_Aim of the exercise_
Below is a listing; print exactly its lines from the one containing "Samsung Galaxy A53" down to the one containing "Landkarten Ak Świnoujście", both inclusive, with every picture left out.

_Information provided_
◆ ◆ ◆ ◆ ◆ ◆ ◆

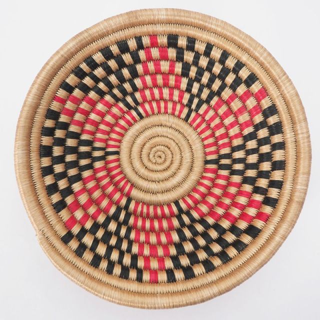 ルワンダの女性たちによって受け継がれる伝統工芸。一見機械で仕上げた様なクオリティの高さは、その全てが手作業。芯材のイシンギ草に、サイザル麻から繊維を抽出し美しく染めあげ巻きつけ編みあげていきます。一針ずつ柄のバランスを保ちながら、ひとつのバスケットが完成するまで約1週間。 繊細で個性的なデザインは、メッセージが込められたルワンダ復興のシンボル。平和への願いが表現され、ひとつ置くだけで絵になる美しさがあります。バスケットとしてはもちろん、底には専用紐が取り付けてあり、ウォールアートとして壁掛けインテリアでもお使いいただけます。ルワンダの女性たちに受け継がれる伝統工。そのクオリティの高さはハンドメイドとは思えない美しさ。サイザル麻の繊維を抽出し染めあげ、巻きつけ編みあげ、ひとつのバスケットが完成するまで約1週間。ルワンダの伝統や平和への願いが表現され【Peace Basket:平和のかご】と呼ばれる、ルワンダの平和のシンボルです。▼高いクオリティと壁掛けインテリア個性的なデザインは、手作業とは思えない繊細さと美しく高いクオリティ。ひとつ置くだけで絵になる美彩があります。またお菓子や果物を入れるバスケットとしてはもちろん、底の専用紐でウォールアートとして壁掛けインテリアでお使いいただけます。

◆ ◆ ◆ ◆ ◆ ◆ ◆

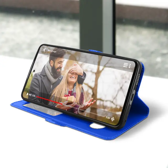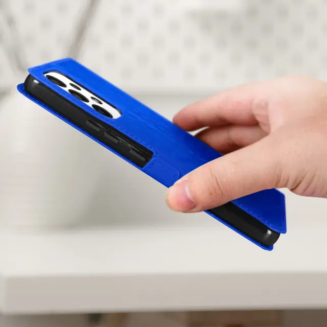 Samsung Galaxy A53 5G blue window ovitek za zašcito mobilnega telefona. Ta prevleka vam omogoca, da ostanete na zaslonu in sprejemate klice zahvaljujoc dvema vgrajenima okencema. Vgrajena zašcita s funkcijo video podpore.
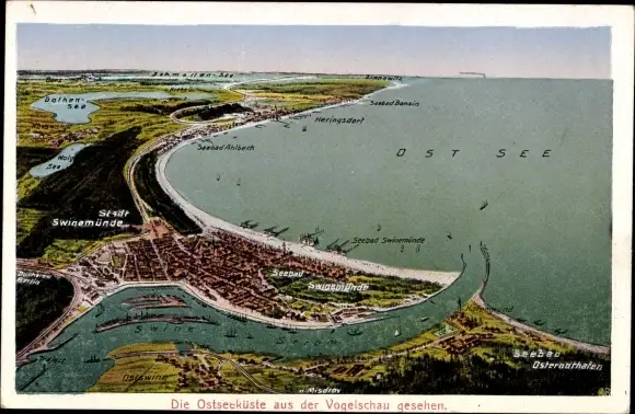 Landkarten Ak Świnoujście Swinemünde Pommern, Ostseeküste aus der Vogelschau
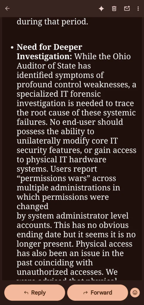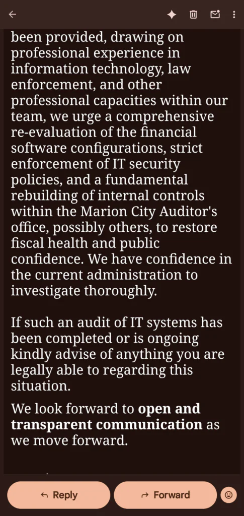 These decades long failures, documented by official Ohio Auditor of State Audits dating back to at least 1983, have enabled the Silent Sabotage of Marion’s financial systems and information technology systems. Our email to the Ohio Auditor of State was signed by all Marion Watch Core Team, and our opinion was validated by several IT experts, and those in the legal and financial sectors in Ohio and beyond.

◆ ◆ ◆ ◆ ◆ ◆ ◆

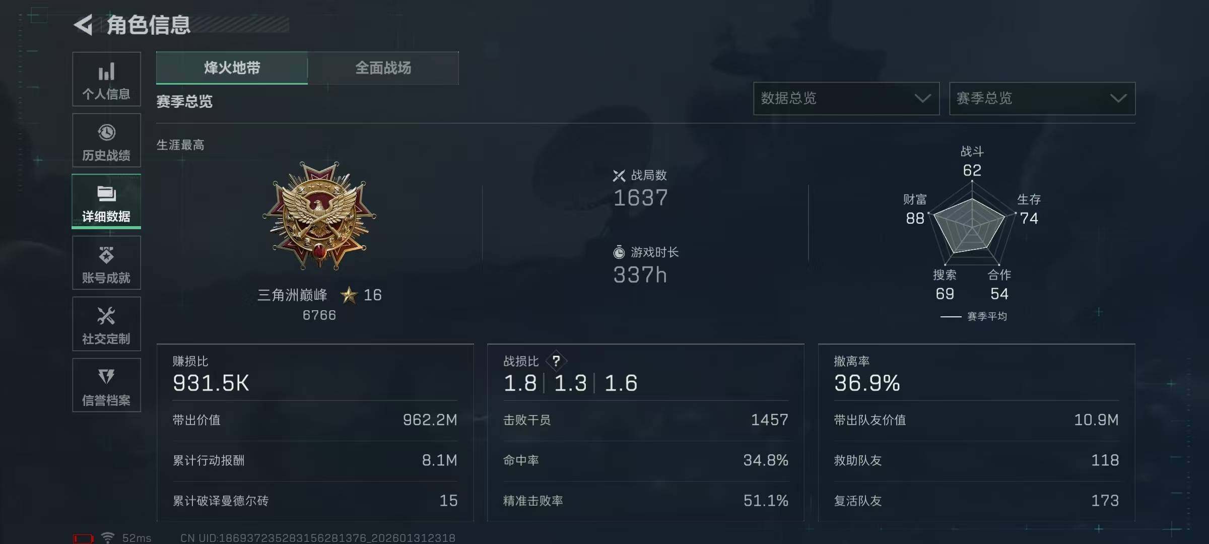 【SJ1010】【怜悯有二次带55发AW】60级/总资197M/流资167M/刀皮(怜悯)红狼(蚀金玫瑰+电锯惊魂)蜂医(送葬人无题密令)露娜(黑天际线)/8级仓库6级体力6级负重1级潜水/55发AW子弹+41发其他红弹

◆ ◆ ◆ ◆ ◆ ◆ ◆

_Solution to the exercise_
 Samsung Galaxy A53 5G blue window ovitek za zašcito mobilnega telefona. Ta prevleka vam omogoca, da ostanete na zaslonu in sprejemate klice zahvaljujoc dvema vgrajenima okencema. Vgrajena zašcita s funkcijo video podpore.
 Landkarten Ak Świnoujście Swinemünde Pommern, Ostseeküste aus der Vogelschau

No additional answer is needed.